[[ Input for this task open ]]

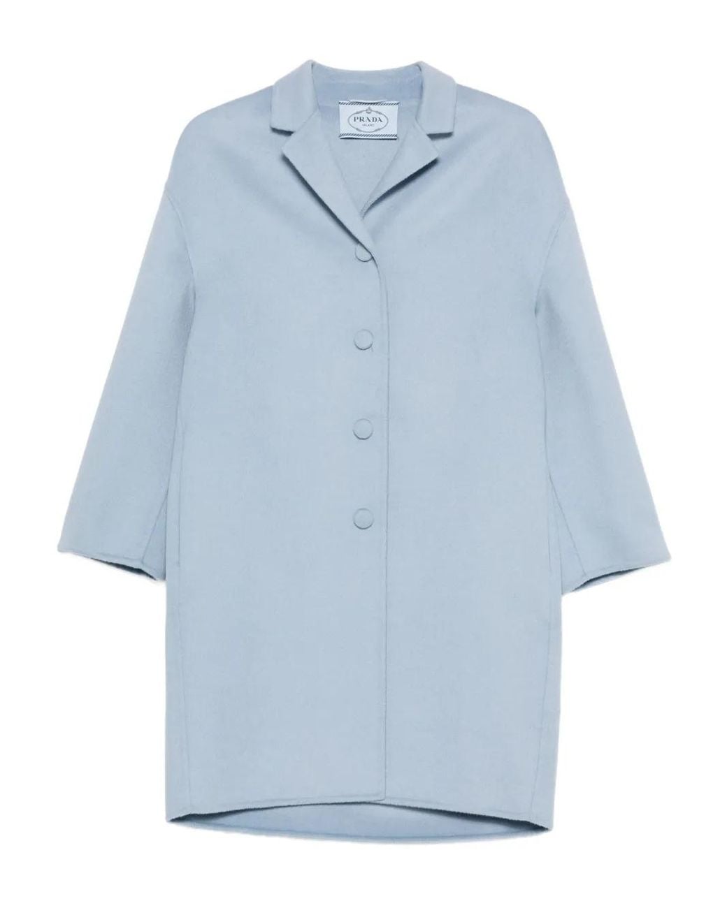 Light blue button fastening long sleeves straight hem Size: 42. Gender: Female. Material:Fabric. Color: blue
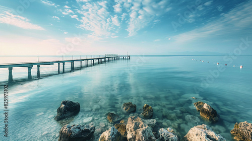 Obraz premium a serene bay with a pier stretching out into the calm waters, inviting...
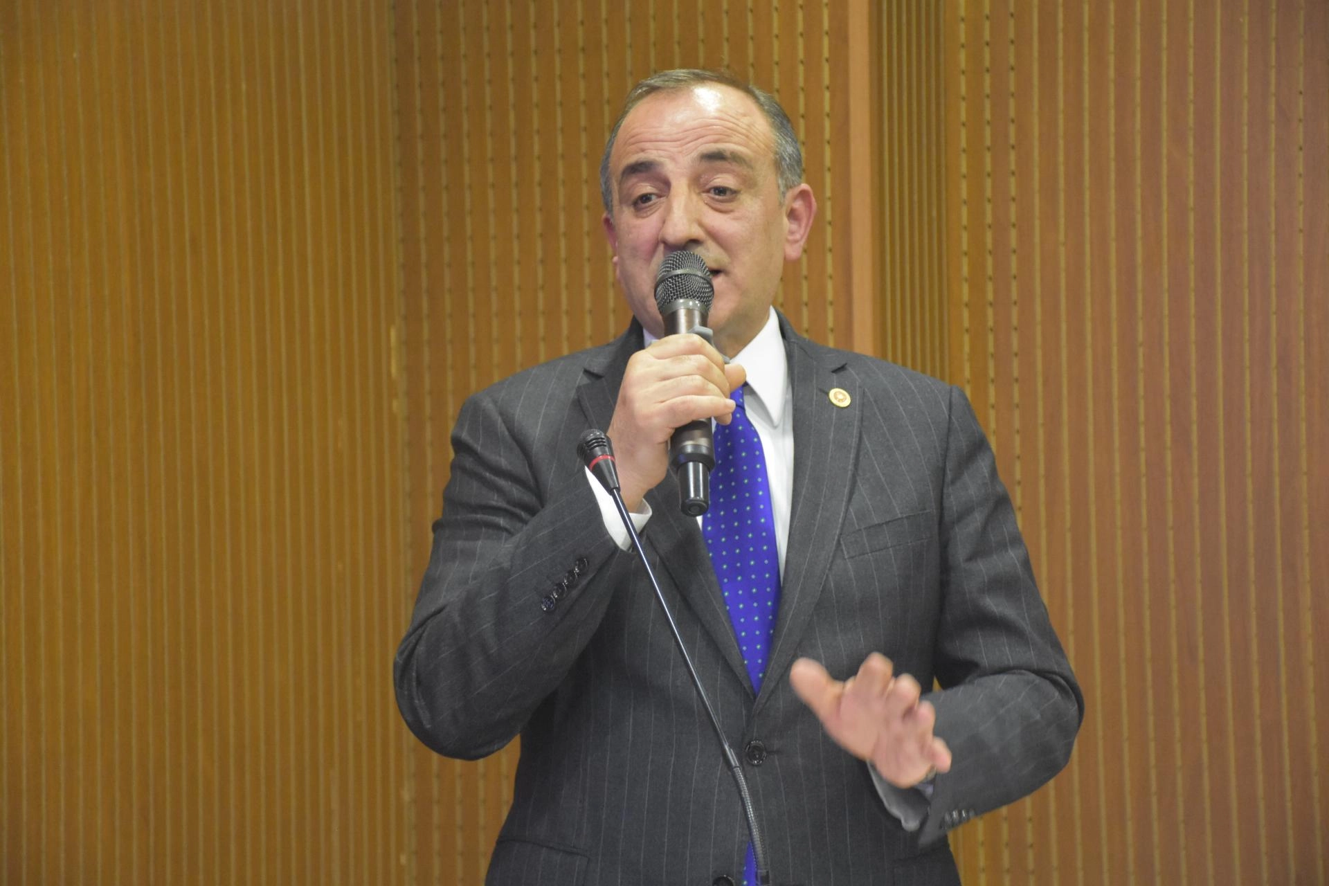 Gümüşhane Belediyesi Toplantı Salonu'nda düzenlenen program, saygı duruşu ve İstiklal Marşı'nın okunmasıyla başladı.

[[ Input for this task closed ]]
[[ Input for this task open ]]

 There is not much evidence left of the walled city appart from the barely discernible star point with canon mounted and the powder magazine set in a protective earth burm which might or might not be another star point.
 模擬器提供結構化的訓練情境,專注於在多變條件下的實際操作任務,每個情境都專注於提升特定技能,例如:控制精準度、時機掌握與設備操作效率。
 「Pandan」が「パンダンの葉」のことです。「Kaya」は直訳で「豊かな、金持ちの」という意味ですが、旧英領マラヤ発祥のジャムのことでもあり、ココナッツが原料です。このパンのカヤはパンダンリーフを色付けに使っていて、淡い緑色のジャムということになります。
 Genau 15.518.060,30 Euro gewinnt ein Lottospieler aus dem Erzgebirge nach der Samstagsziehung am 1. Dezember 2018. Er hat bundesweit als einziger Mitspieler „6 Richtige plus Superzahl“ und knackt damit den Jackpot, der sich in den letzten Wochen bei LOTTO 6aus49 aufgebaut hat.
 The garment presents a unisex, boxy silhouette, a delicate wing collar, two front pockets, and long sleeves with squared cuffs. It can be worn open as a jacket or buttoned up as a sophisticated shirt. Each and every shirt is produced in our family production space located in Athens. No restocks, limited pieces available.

[[ Input for this task closed ]]
[[ Input for this task open ]]

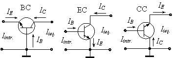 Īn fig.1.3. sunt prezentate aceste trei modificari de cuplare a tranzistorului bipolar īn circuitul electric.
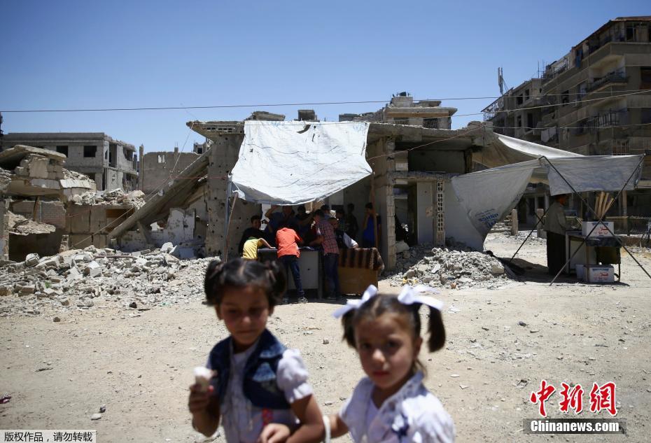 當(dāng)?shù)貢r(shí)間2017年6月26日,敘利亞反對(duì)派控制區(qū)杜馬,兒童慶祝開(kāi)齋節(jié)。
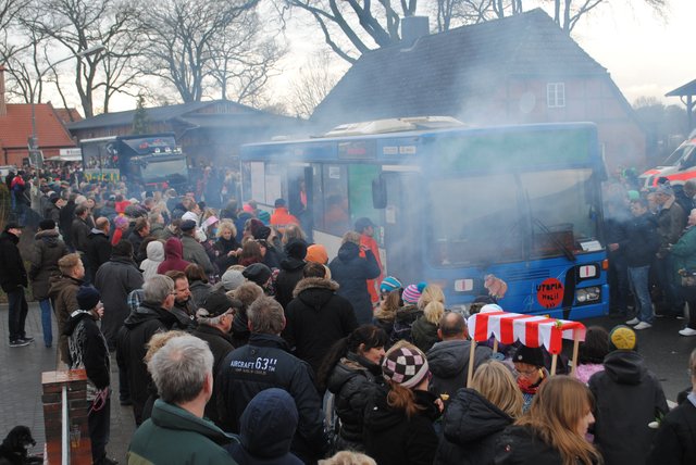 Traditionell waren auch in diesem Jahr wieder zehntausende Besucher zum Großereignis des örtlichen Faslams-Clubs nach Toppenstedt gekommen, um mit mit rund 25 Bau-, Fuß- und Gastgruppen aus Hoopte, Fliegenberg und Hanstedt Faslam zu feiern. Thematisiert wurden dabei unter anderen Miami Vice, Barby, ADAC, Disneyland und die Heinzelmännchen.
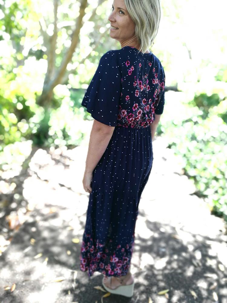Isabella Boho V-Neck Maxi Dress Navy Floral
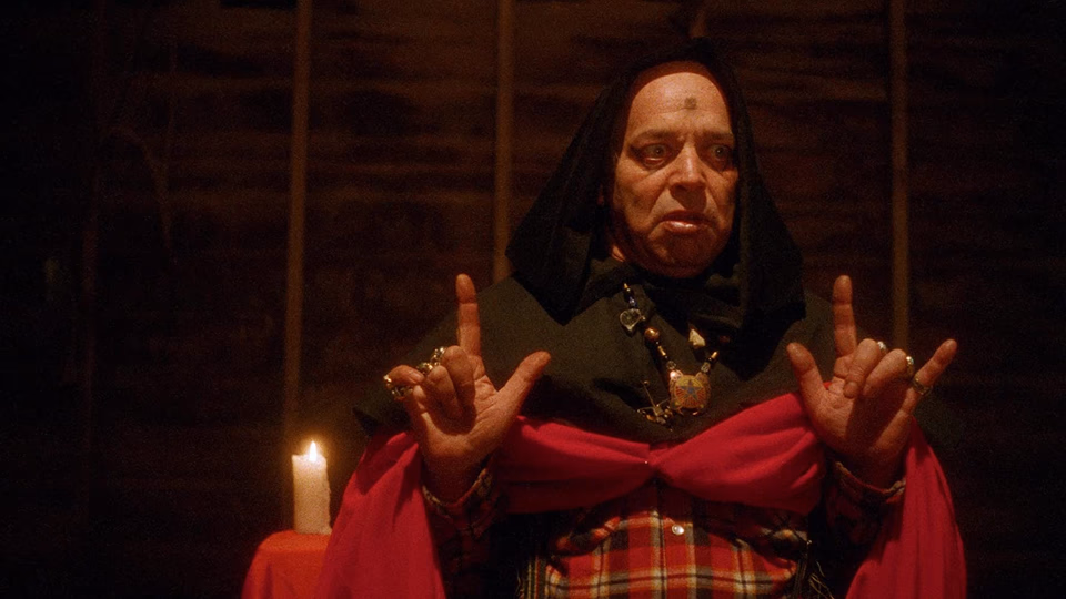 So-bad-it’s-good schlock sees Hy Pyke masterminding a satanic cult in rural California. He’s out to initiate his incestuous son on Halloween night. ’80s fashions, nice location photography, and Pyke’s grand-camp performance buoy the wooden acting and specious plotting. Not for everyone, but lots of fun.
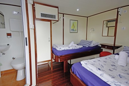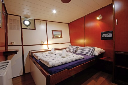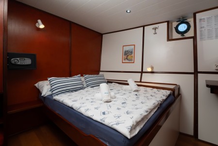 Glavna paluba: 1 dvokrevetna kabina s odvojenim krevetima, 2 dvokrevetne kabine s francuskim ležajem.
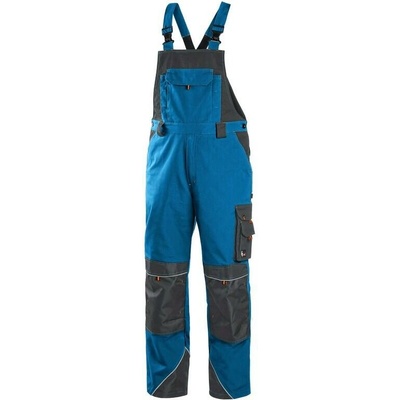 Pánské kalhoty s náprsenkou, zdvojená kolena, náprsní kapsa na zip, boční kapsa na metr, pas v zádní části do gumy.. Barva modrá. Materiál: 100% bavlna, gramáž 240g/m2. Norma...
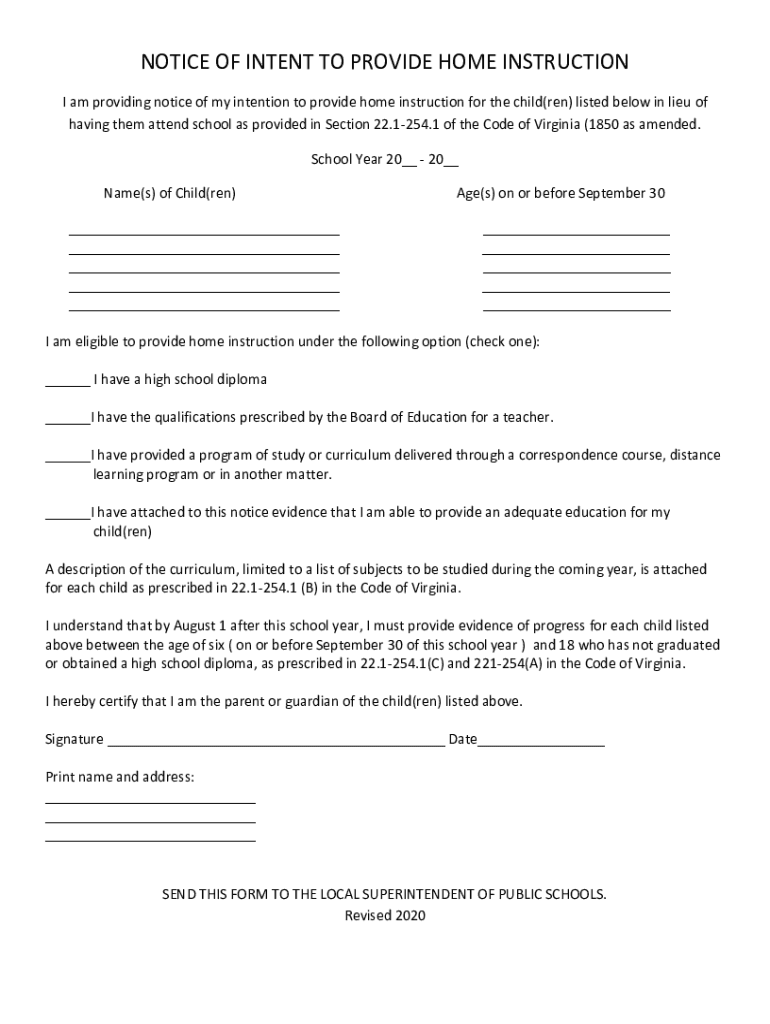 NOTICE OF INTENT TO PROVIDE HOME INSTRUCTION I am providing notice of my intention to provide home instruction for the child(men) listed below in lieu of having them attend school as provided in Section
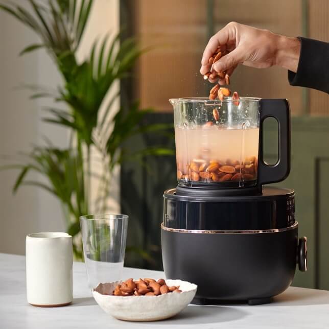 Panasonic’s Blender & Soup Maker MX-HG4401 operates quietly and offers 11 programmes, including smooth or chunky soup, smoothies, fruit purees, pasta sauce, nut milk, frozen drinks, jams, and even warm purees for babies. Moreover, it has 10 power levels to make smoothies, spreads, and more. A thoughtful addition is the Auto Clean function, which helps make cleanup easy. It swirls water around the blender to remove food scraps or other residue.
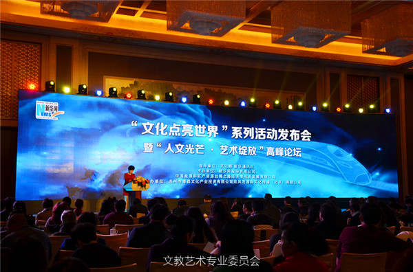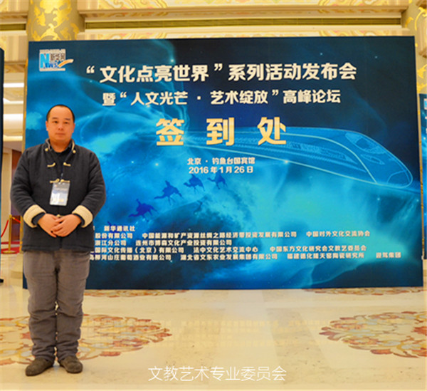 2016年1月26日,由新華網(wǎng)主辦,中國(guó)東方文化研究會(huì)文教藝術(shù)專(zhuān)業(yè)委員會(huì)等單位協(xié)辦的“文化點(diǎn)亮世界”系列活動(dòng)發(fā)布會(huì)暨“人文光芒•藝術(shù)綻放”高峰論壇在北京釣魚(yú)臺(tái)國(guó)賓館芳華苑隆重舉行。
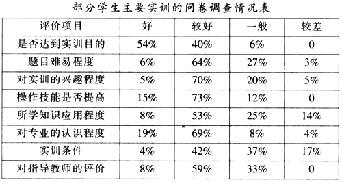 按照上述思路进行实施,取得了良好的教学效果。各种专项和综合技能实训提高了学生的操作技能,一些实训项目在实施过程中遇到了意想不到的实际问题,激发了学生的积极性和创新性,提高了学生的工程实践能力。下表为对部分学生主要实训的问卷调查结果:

[[ Input for this task closed ]]

** Work to be completed **
Using the records above, repeat exactly the run of lines that starts with the line with "Light blue button" and goes on through the line with "Gümüşhane Belediyesi Toplantı"; omit each picture.

** Your response **
 Light blue button fastening long sleeves straight hem Size: 42. Gender: Female. Material:Fabric. Color: blue
 Obraz premium a serene bay with a pier stretching out into the calm waters, inviting...
 Gümüşhane Belediyesi Toplantı Salonu'nda düzenlenen program, saygı duruşu ve İstiklal Marşı'nın okunmasıyla başladı.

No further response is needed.